■ EXERCISE OBJECTIVE: Would you print the records below word for word, without the pictures?

Stored items

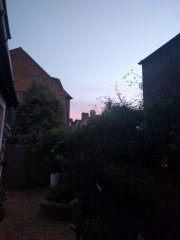 19:51:24 Nice sky over the garden which didn't really come out in this picture. | 19:52:08 Had a post dinner whisky out in the garden as it was a pleasant evening. | 19:57:34 Didn't like this Port Wood Laphroaig to begin with but it has grown on me. | 22:12:40 Tried to search for the artist who painted my portrait this evening, but couldn't find an obvious match on the web. |
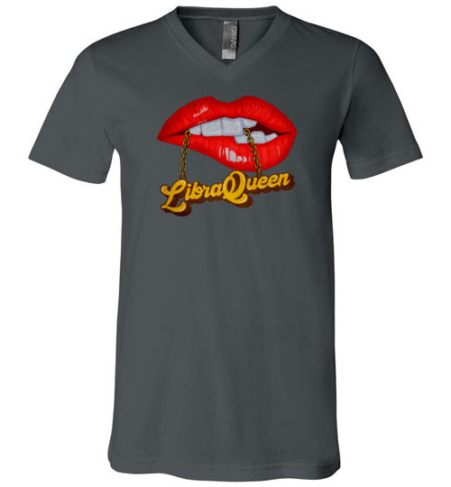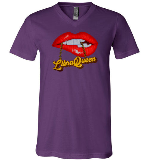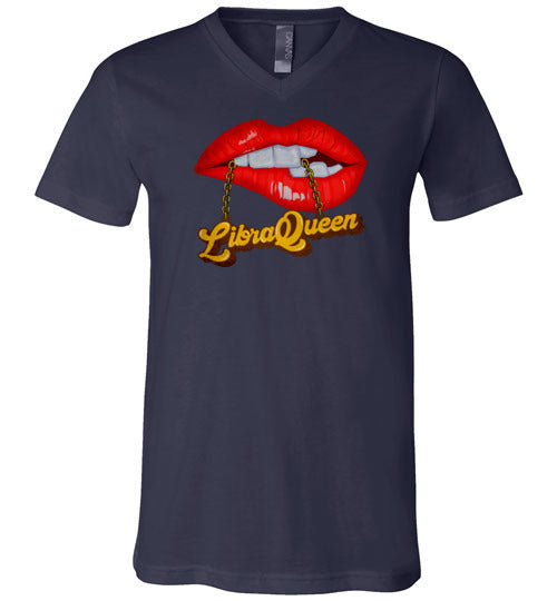 Libra Queen lips and chain v-neck tee for women. A fun astrology and hororscope Christmas gift or birthday gift idea for women born in September or October.
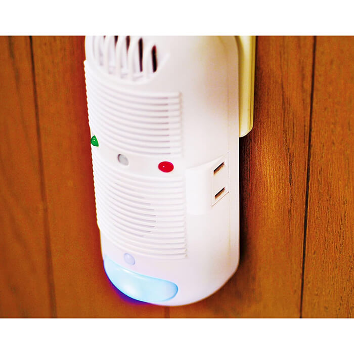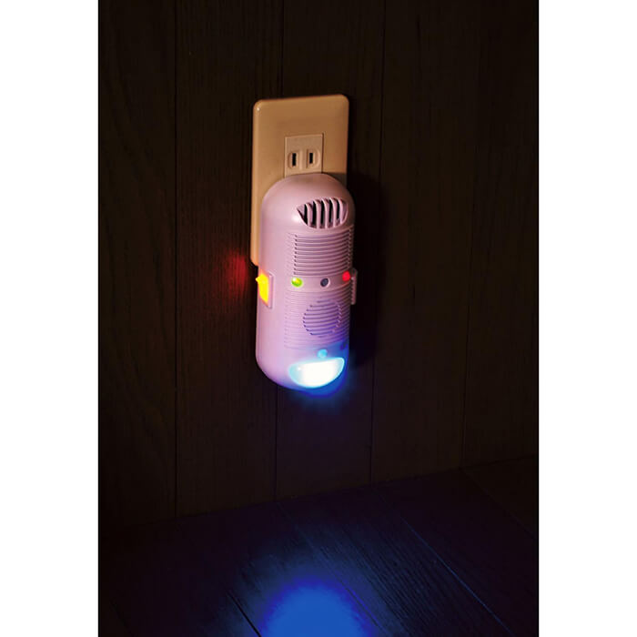 5機能搭載(超音波、電磁波、マイナスイオン発生、ACソケット付き、ナイトランプ自動点灯)。
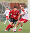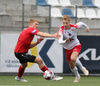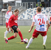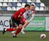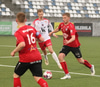 Bjartur Bjarmi prjónar sig í gegnum vörn Þórsara og reynir að koma boltanum á Arnór Gauta í álitlegu færi en Aron Birkir hársbreidd á undan í boltann.
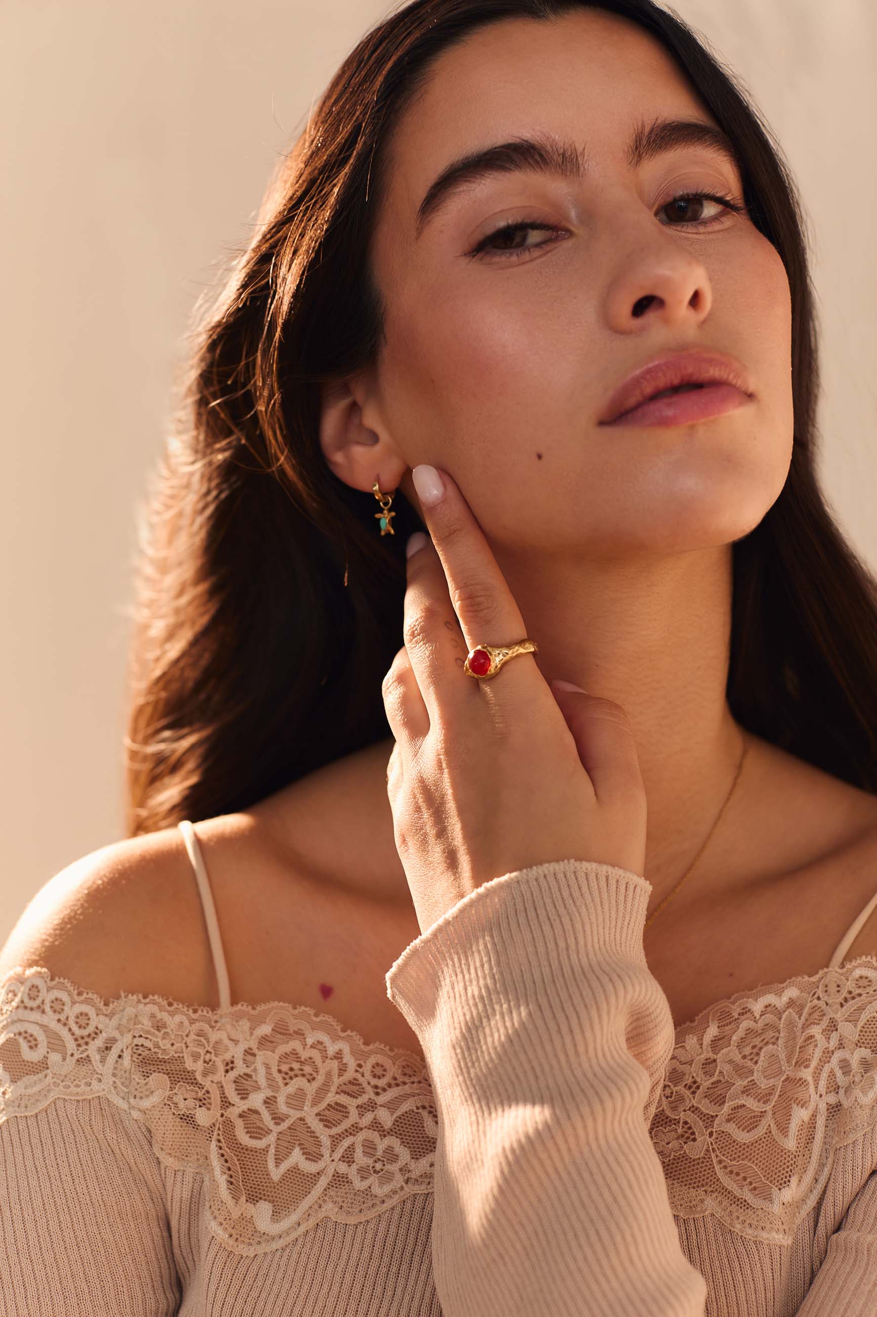 Este anillo está fabricado en plata de ley 925 bañada en oro de 22k, con un diseño de efecto fundido y orgánico que le aporta un carácter único y atemporal. La piedra natural de cornalina en el centro resalta con intensidad, creando un contraste cálido y elegante. Disponible en tallas de la 8 a la 20, es un anillo unisex ideal para complementar cualquier estilo.
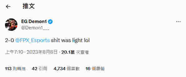 今日无畏契约全球冠军赛上,B组中国战队FPX首战0-2不敌北美的EG战队。值得一提的是,EG选手Demon1不仅在游戏内作出“鞭尸”FPX队员的操作,赛后更是在推特上嘲讽:2-0 FPX赢这些垃圾很轻松。

■ SOLUTION FOR THIS TASK:
 19:51:24 Nice sky over the garden which didn't really come out in this picture. | 19:52:08 Had a post dinner whisky out in the garden as it was a pleasant evening. | 19:57:34 Didn't like this Port Wood Laphroaig to begin with but it has grown on me. | 22:12:40 Tried to search for the artist who painted my portrait this evening, but couldn't find an obvious match on the web. |
 Libra Queen lips and chain v-neck tee for women. A fun astrology and hororscope Christmas gift or birthday gift idea for women born in September or October.
 5機能搭載(超音波、電磁波、マイナスイオン発生、ACソケット付き、ナイトランプ自動点灯)。
 Bjartur Bjarmi prjónar sig í gegnum vörn Þórsara og reynir að koma boltanum á Arnór Gauta í álitlegu færi en Aron Birkir hársbreidd á undan í boltann.
 Este anillo está fabricado en plata de ley 925 bañada en oro de 22k, con un diseño de efecto fundido y orgánico que le aporta un carácter único y atemporal. La piedra natural de cornalina en el centro resalta con intensidad, creando un contraste cálido y elegante. Disponible en tallas de la 8 a la 20, es un anillo unisex ideal para complementar cualquier estilo.
 今日无畏契约全球冠军赛上,B组中国战队FPX首战0-2不敌北美的EG战队。值得一提的是,EG选手Demon1不仅在游戏内作出“鞭尸”FPX队员的操作,赛后更是在推特上嘲讽:2-0 FPX赢这些垃圾很轻松。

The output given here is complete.